Figure 4. SCNA signal enrichment after in silico 90–150 bp size selection in patients P‐IV‐01 and P‐IV‐02

(A–D) Patient P‐IV‐01: When analyzed with SCNA‐sWGS, (A) P‐IV‐01 plasma timepoint 1 shows a flat profile before in silico size selection and a tumor fraction of 2.3%, that is below the ichorCNA recommended cut‐off of 3%, while (B) after 90–150 bp size selection, copy‐number changes can be observed. These copy numbers match those observed (C) in tumor and are not present in (D) matched buffy coat. (E–H) P‐IV‐02: (E) When analyzed with SCNA‐modWGS, P‐IV‐02 plasma timepoint 1 has a tumor fraction below the ichorCNA recommended cut‐off of 3% (tumor fraction of 2.6%) and is, therefore, classified as undetected even though small copy‐number changes can be observed. (F) Following in silico size selection, those changes become more apparent. The copy‐number aberrations match those observed (G) in tumor and are not present in (H) matched buffy coat.

Figure EV2. SCNA plots and tumor fraction (TF) observed with the SCNA assays in plasma

All plasma samples with ctDNA detected either before or after size selection with SCNA‐sWGS, modWGS, and deepWGS are plotted as well as tumor and buffy coat from the seven patients.

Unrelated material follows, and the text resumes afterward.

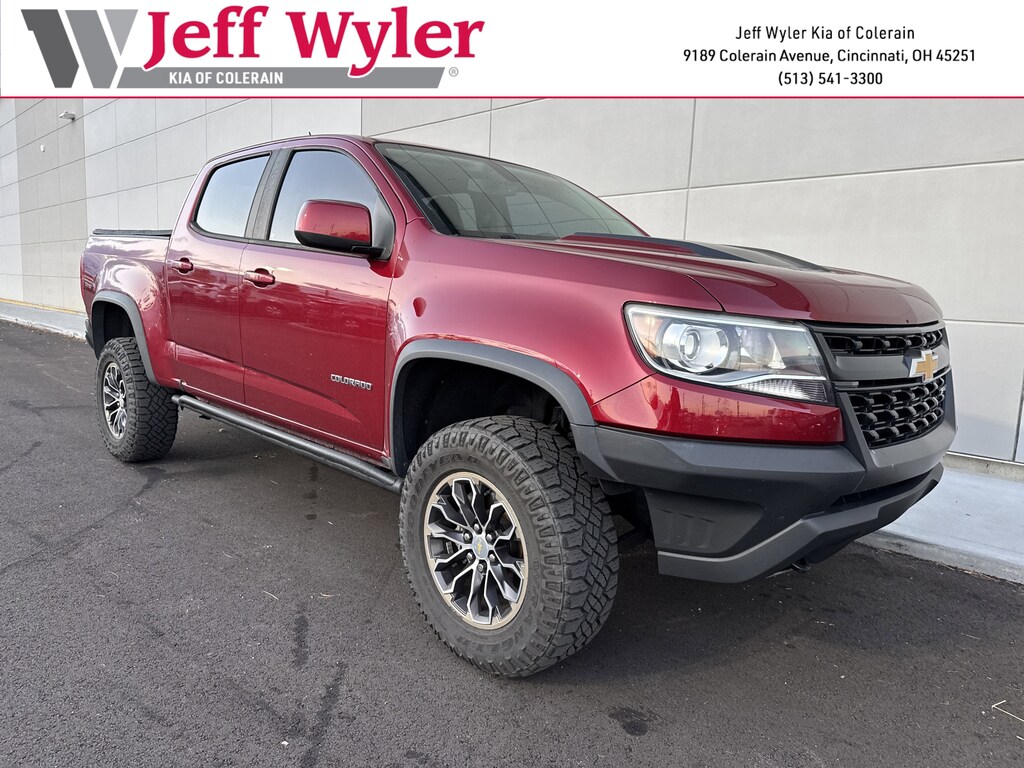Jeff Wyler Kia of Colerain is excited to offer this superb-looking 2017 Chevrolet Colorado ZR2 in Cajun Red Tintcoat. Heavy-Duty Trailering Package, Off-Road Appearance Package, Preferred Equipment Group 4ZR (Black Rear Bumpers, Black Spray-On Bedliner w/Chevrolet Logo, Driver-Selectable Full-Locking Front Differential, Driver-Selectable Full-Locking Rear Differential, Integrated Trailer Brake Controller, and Off-Road Rocker Protection (LPO)), 17" x 8" Aluminum Wheels, 3.42 Rear Axle Ratio, 4-Way Power Front Passenger Seat Adjuster, 4-Wheel Disc Brakes, 6 Speakers, 6-Speaker Audio System Feature, ABS brakes, Air Conditioning, Alloy wheels, AM/FM radio: SiriusXM, Apple CarPlay, Auto-dimming Rear-View mirror, Automatic temperature control, Compass, Delay-off headlights, Driver 4-Way Power Seat Adjuster, Driver door bin, Driver vanity mirror, Dual front impact airbags, Dual front side impact airbags, Electronic Stability Control, Emergency communication system: OnStar Guidance, Exterior Parking Camera Rear, Front anti-roll bar, Front Bucket Seats, Front Center Armrest, Front fog lights, Front License Plate Kit, Front reading lights, Front wheel independent suspension, Fully automatic headlights, Heated Driver & Front Passenger Seats, Heated front seats, Illuminated entry, Leather-Appointed Seat Trim, Low tire pressure warning, Occupant sensing airbag, Outside temperature display, Overhead airbag, Overhead console, Panic alarm, Passenger door bin, Passenger vanity mirror, Power door mirrors, Power Driver Lumbar Control Seat Adjuster, Power driver seat, Power Passenger Lumbar Control Seat Adjuster, Power passenger seat, Power steering, Power windows, Premium audio system: Chevrolet MyLink, Radio data system, Radio: AM/FM Stereo w/8" Diagonal Color Touch Screen, Rear reading lights, Rear seat center armrest, Rear step bumper, Rear window defroster, Remote keyless entry, Security system, SiriusXM Satellite Radio, Speed control, Speed-sensing steering, Steering wheel mounted audio controls, Tachometer, Telescoping steering wheel, Tilt steering wheel, Tow/Haul Mode, Traction control, Trip computer, Variably intermittent wipers, and Wheel Locks Our PRE-OWNED vehicles are put through a rigorous 167- POINT QUALITY ASSURANCE INSPECTION along with an average amount of over $1,400.00 SPENT to recondition each vehicle so we can be sure to deliver you the highest quality vehicle like you deserve! ***ONLINE PRICE DOES NOT INCLUDE WYLER FAMILY FIRST PACKAGE***

Plots and tumor fraction (TF) plotted before size selection for all samples except those marked as “size‐selected”; in those samples, the plot corresponds to the SCNAs observed after size selection, while the tumor fraction is that generated before size selection. Tumor fraction estimated from ichorCNA. (A–E) SCNA plots from P‐IV‐01, (A) plasma samples detected with SCNA‐sWGS, (B) plasma samples detected with SCNA‐modWGS, (C) plasma samples detected with SCNA‐deepWGS, (D) sWGS of tumor tissue, and (E) sWGS of buffy coat. (F–J) SCNA plots from P‐IV‐02, (F) plasma samples detected with sWGS, (G) plasma samples detected with SCNA‐modWGS, (H) plasma samples detected with SCNA‐deepWGS, (I) sWGS of tumor tissue, and (J) sWGS of buffy coat. For both patients, all plasma samples detected have similar alterations between different plasma samples from the same patient tested with the different SCNA assays as well as with the tumor tissue. (K–T) sWGS of tumor and buffy coat from the remaining five patients with no plasma sample detected by the analysis of SCNAs.

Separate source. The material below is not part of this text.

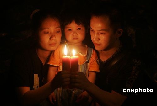 5月19日晚,四川省什邡市市民黎云震一家在帳篷外點燃紅蠟燭為地震死難者默哀。1976年7月28日出生的黎云震,生日那天正是唐山大地震之時,黎云震的母親為他起名云震。也許巧合,512四川大震當日,正是黎云震女兒的2周歲生日。

Figure 5. Correlation of the ctDNA fractions calculated with all assays performed

Allele fractions plotted for SV/SNV assays, and tumor fractions for SCNA assays. The SNV‐hybrid capture assay was used as reference (x axis), with the other assays plotted on a common y axis. Colored lines correspond to the linear regression fits per assay. The Pearson's correlation coefficient estimates and P‐values of the corresponding tests of associations are also indicated. Spearman rank correlations led to the same conclusions (range R = 0.98 to R = 1.00).

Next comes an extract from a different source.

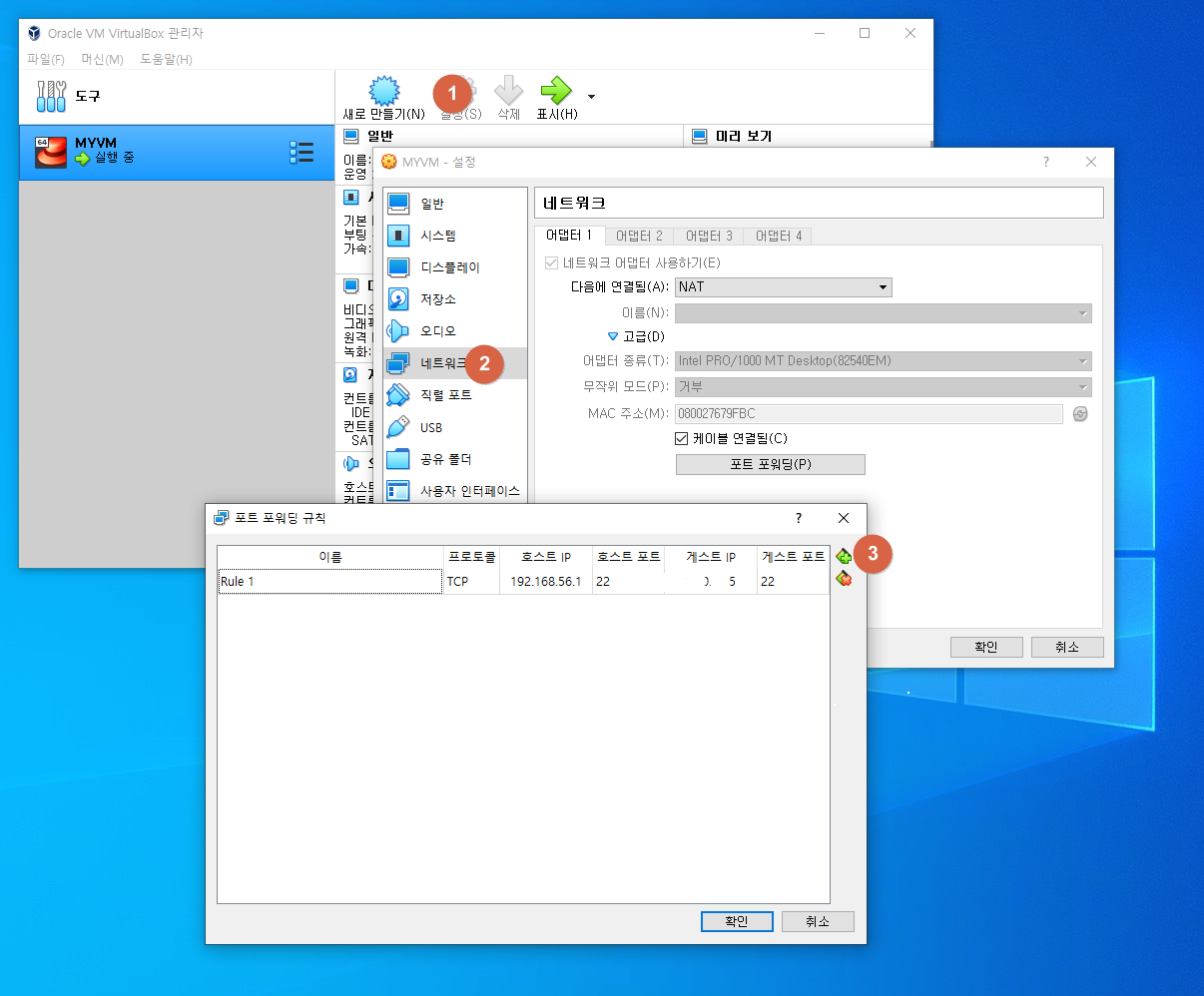 게스트 ip는 vm에서 터미널 - ipconfig 에 출력되는 IP를 입력한다.

Figure EV3. ctDNA detection and fractions using the different ctDNA assays

ctDNA fractions are plotted as an allele fraction for SV/SNV assays and as tumor fraction for SCNA assays. Plots (A–D) show comparisons of the detection and ctDNA fraction obtained with different assays. (A) Comparison of targeted sequencing assays (SV‐multiplex PCR, SV‐hybrid capture, and SNV‐hybrid capture); (B) Comparison of all assays targeting SVs (SV‐multiplex PCR, SV‐hybrid capture, SV‐modWGS, and SV‐deepWGS); (C) Comparison of all assays targeting SNVs (SNV‐hybrid capture, SNV‐modWGS, and SNV‐deepWGS); and (D) Comparison of all assays evaluating SCNAs (SCNA‐sWGS, SCNA‐modWGS, and SCNA‐deepWGS). The individual plots and number of samples assayed are shown in Fig 3.

Figure EV4. Clinical information and detection of ctDNA in each patient using targeted ctDNA assays

The shaded boxes represent different treatment periods and the vertical dotted lines mark the time of diagnosis (black), the time of surgery where appropriate (dark orange), and the time of tissue collection for whole‐genome sequencing (dark green). Days indicated on the x axis refer to the number of days before or after the collection of the first plasma sample. Two samples were taken at day 0 (D0) in stage IA patients (P‐IA‐01 and P‐IA‐02), before (T1) and after surgery (T2). Individual plots showing the allele fraction from every ctDNA assay can be found in Fig 3. RT: radiotherapy; FEC: 5 fluorouracil (5FU), epirubicin, and cyclophosphamide; EC: epirubicin and cyclophosphamide; /T followed by docetaxel; ND: Not detected.